Start of GIVEN RECORDS

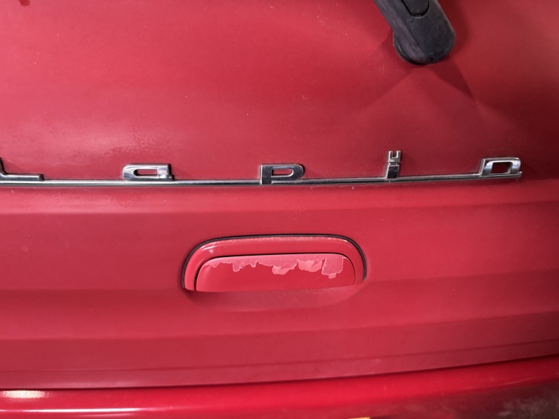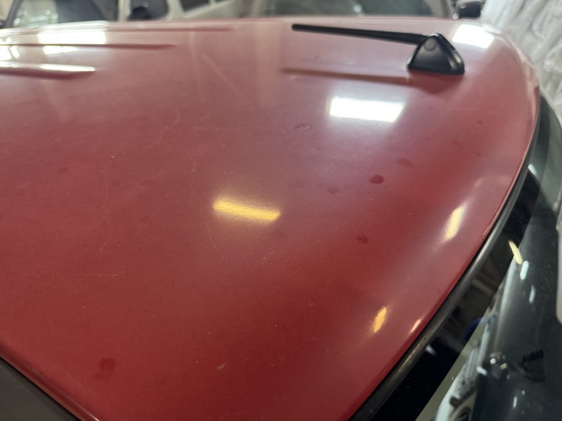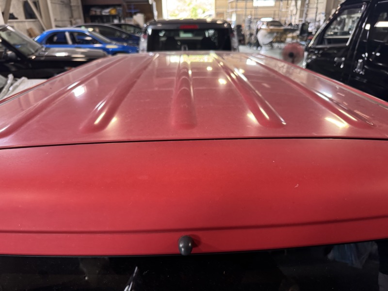 ドアの上側は紫外線によってクリアーが剥がれてきてはいますが、艶のある赤がところどころ残っていてルーフは艶がないのが写真でもわかると思います。
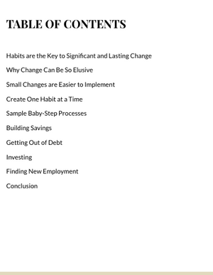 In this 20+ page digital download we uncover effective strategies or baby steps for making positive changes in several aspects of your financial future. Baby steps are the answer.Small changes implemented one at a time are a proven way to create significant results that stick.
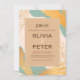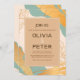 A modern and elegant invitation with swirls of teal and gold and glimpses of lily flowers. (<a href='https://www.freepik.com/free-photos-vectors/wedding'>Wedding vector created by freepik - www.freepik.com</a>). <br/><br/>The card is easy to customize with your wording, font, font colour, paper shape options and choice of six paper types.<br/><br/>Not exactly what you're looking for? All our products can be custom designed to meet your needs at no extra charge.<br/><br/>Simply contact us at askcottonlamb@gmail.com.<br/><br/>Coordinating products available: Just ask us!"
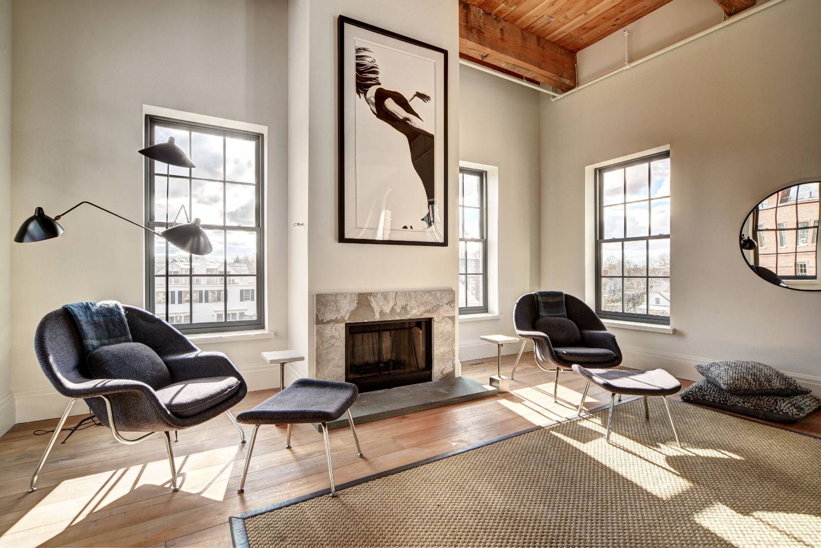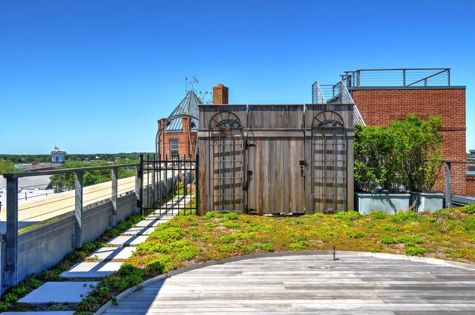 Situate on the southwestern section of Watchcase, PH-418 offers 3 bedrooms, 3 1/2 baths with 2,189 of interior sf and 2,049 of outdoor sf with magical vistas over Sag Harbor Village and its surrounding waterways. Inside, dramatic Georgian Pine ceiling beams, 12'+ ceiling height, and an open flowing layout, complemented by exposed brick, walls of windows and wood-burning fireplace create a truly striking home.The master suite features the Watch
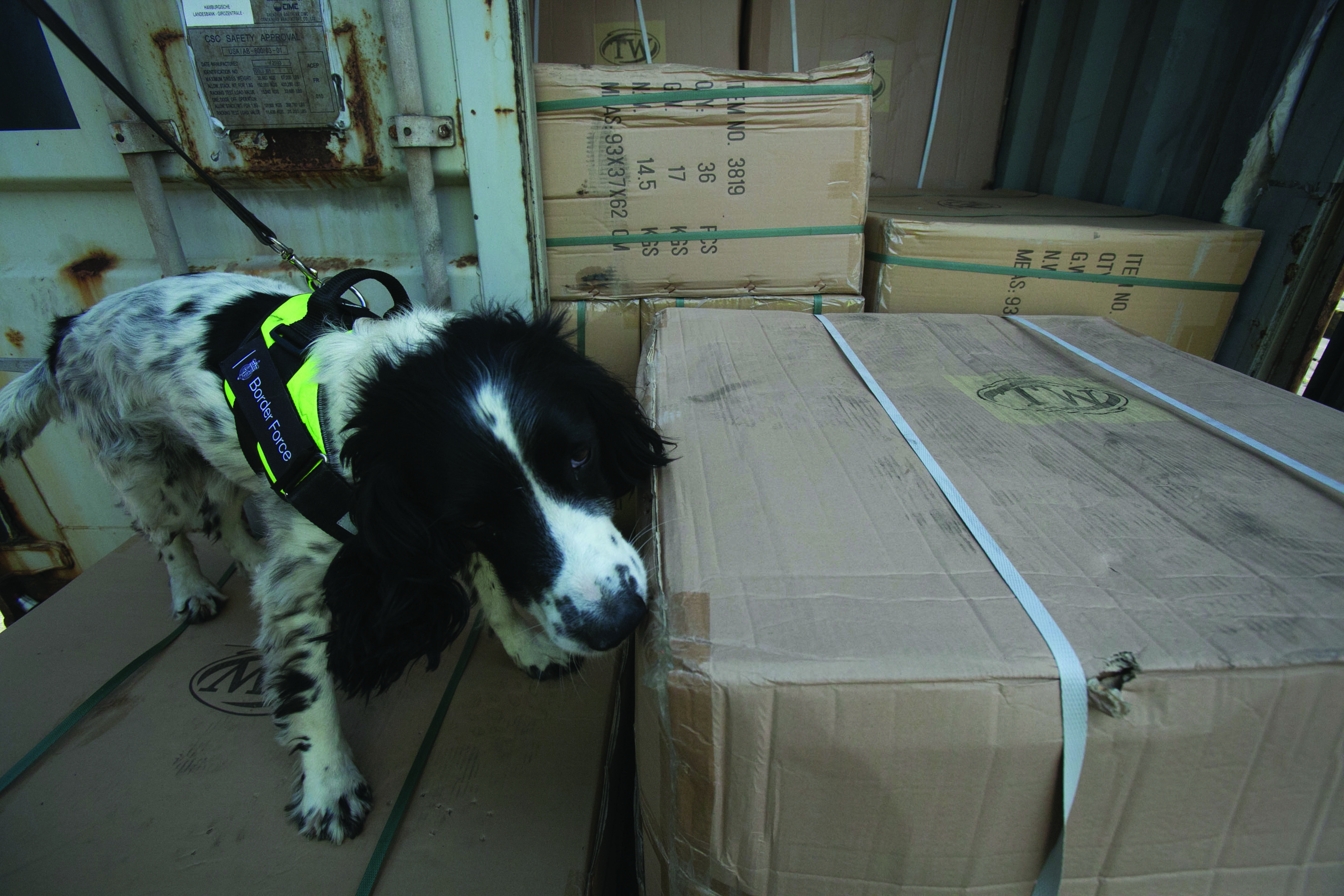 SOUTHAMPTON, UNITED KINGDOM – AUGUST 13: A Border Force detector dog checks inside a shipping container at Southampton docks on August 13, 2014 in Southampton, England. Border Force is the law enforcement command within the Home Office responsible for the security of the UK border by enforcing immigration and customs controls on people and goods entering the UK. Border Force officers work at 140 sea and airports across the UK and overseas. (Photo by Matt Cardy/Getty Images)
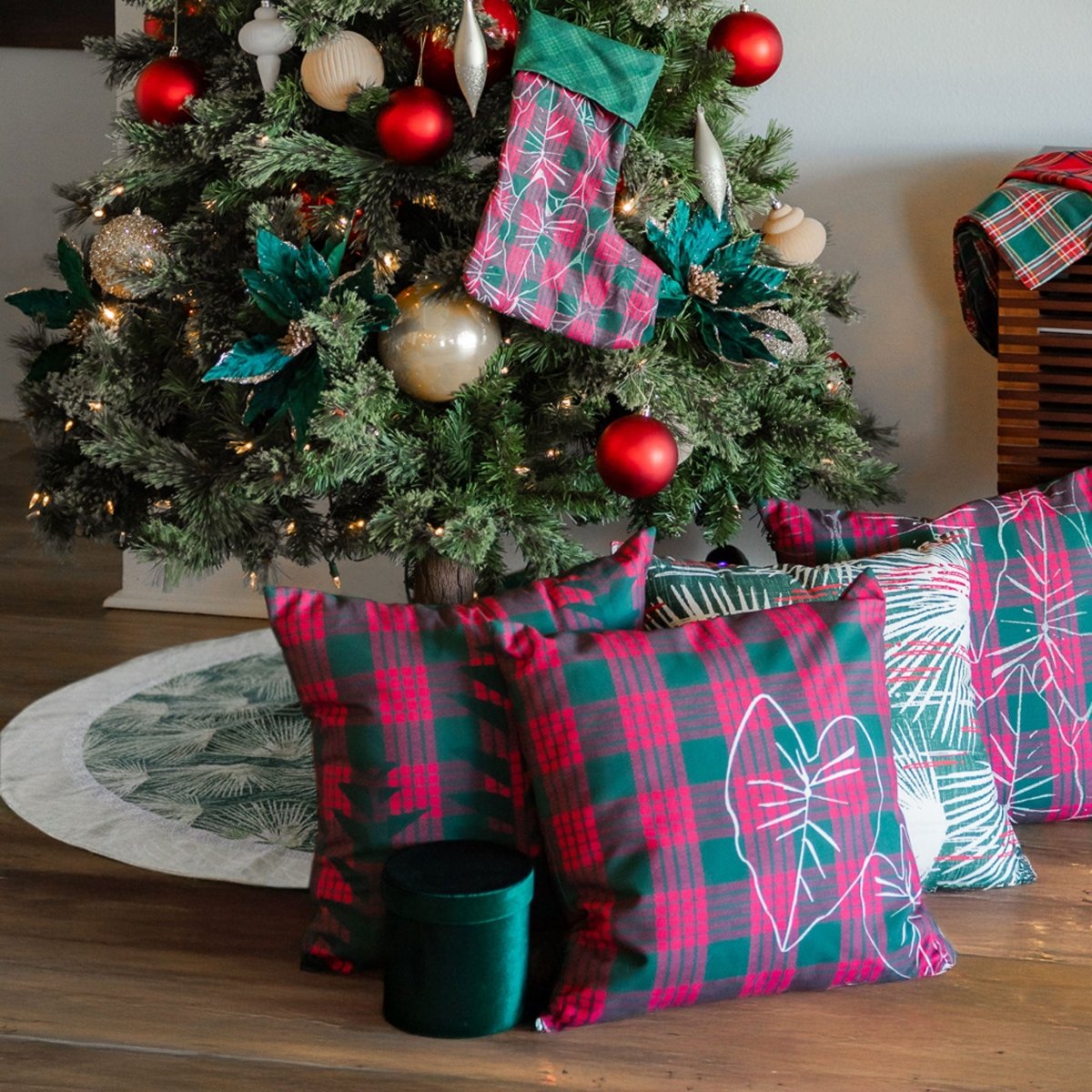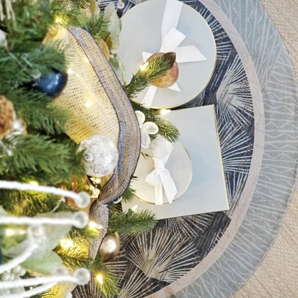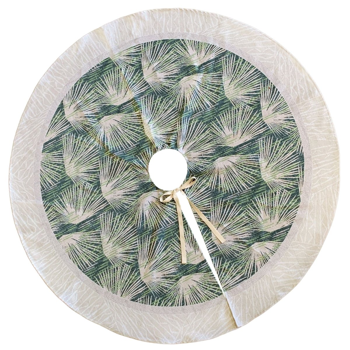 A Loulu Hawaiian print tree skirt adds an elegant and festive island touch to your holiday decor.
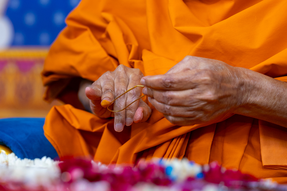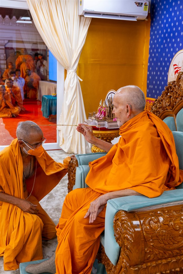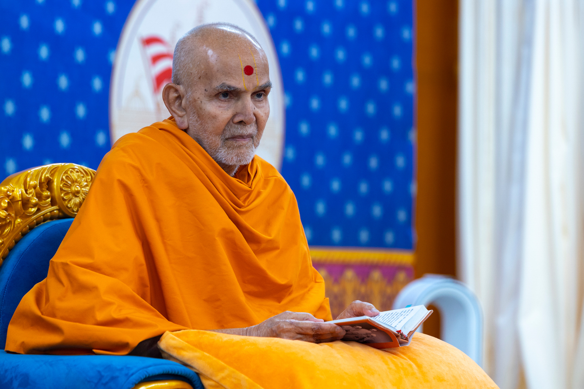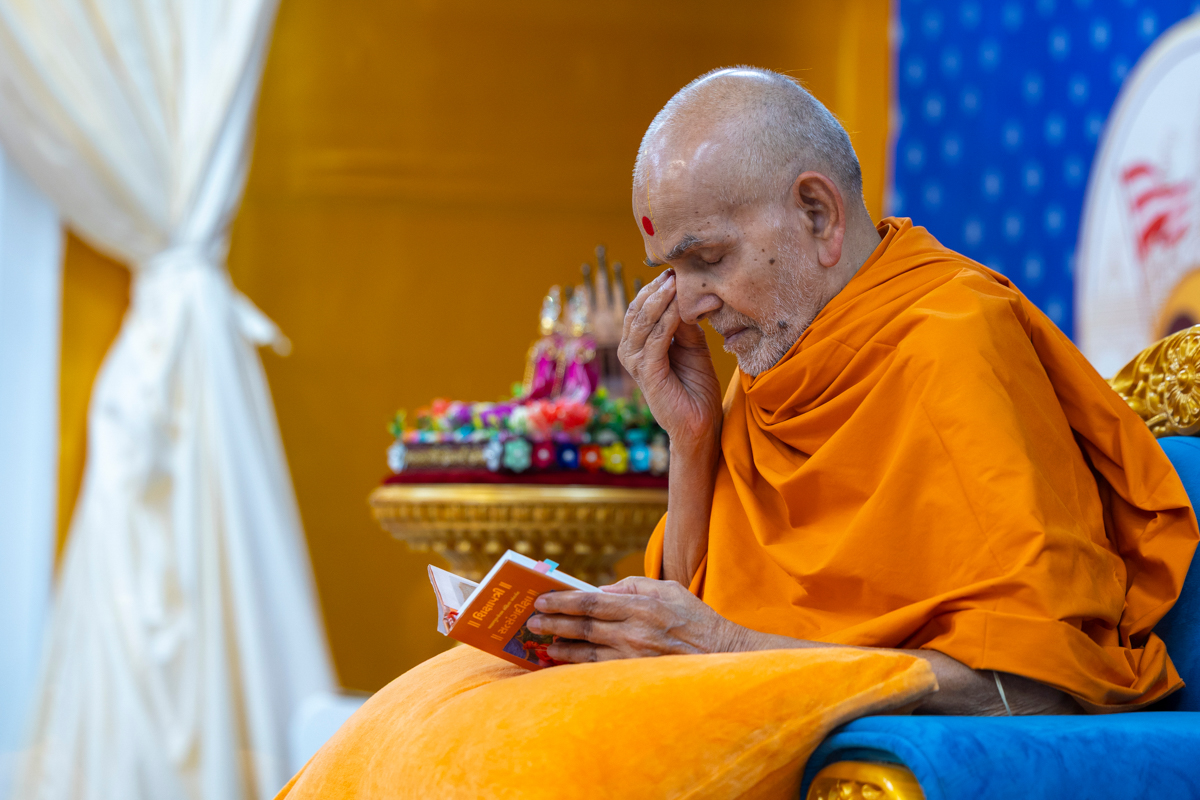 Swamishri listens to the sadhana mantra and daily prayer
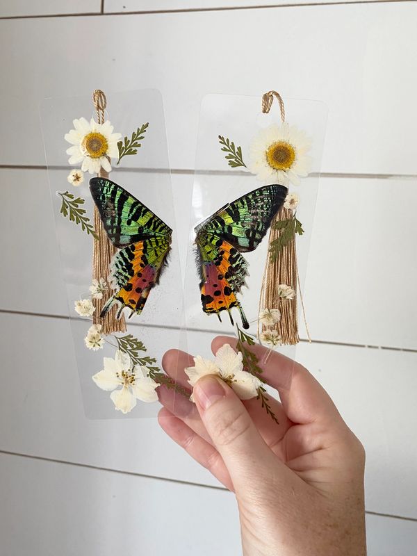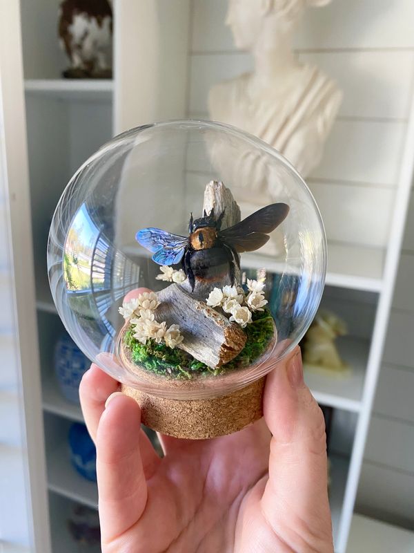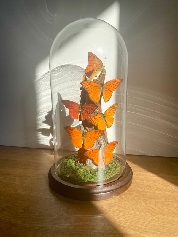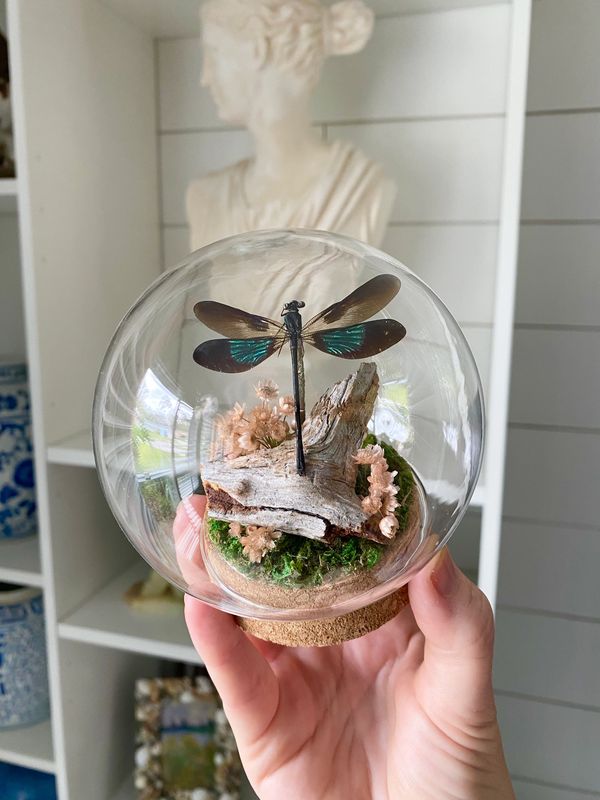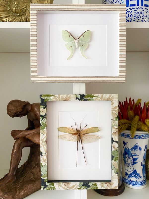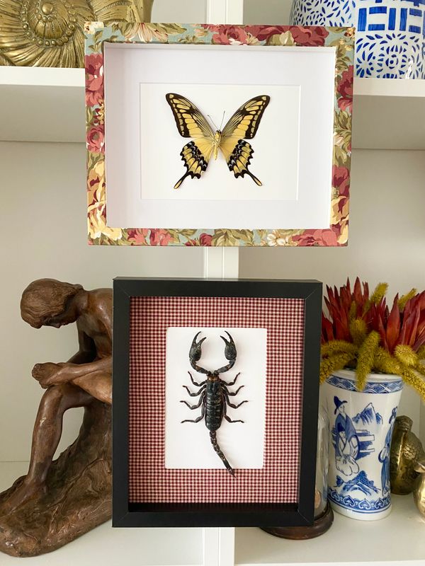 Every butterfly, moth, or insect I work with is ethically sourced from insect farms from around the world, then carefully rehydrated, pinned, and mounted by hand. I love pairing each specimen with vibrant fabrics, delicate flowers, or glass domes that highlight their unique colors and details — creating a modern cabinet of curiosities that feels magical.

End of GIVEN RECORDS

WHAT YOU SHOULD DO: Both the line containing "A Loulu Hawaiian" and the line containing "Swamishri listens to" above belong in the output, as do the lines between them. Print them exactly, without pictures.

REPLY TO THE TASK:
 A Loulu Hawaiian print tree skirt adds an elegant and festive island touch to your holiday decor.
 Swamishri listens to the sadhana mantra and daily prayer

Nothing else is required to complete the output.